What you have to do
In your copy of the data below, reproduce every entry exactly and omit the pictures.

Material to process
⟨

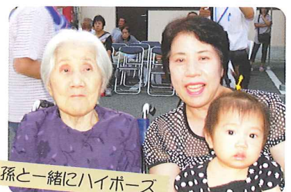
曾孫と一緒にハイポーズ
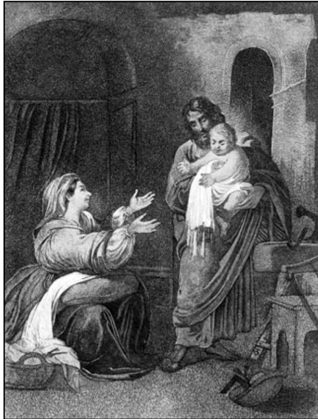
Т. Шевченко. Свята Родина, 1858

в) Мистецтво, як і християнство живе глибоким внутрішнім життям. Геніальні дум-
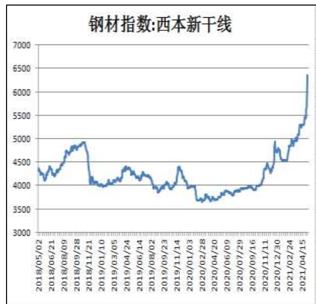
图2：西本新干线钢材价格指数

5月14日，上海热轧卷板5.75mm Q235现货报价为6200元/吨，周环比+200元/吨；全国均价为6514元/吨，周环比+504元/吨。
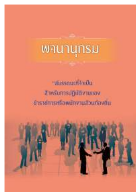
หนังสือ สมรรถนะที่จำเป็นสำหรับการปฏิบัติงานของ ข้าราชการหรือพนักงานส่วนท้องถิ่น

⟩

Problem solution
曾孫と一緒にハイポーズ
Т. Шевченко. Свята Родина, 1858

в) Мистецтво, як і християнство живе глибоким внутрішнім життям. Геніальні дум-
图2：西本新干线钢材价格指数

5月14日，上海热轧卷板5.75mm Q235现货报价为6200元/吨，周环比+200元/吨；全国均价为6514元/吨，周环比+504元/吨。
หนังสือ สมรรถนะที่จำเป็นสำหรับการปฏิบัติงานของ ข้าราชการหรือพนักงานส่วนท้องถิ่น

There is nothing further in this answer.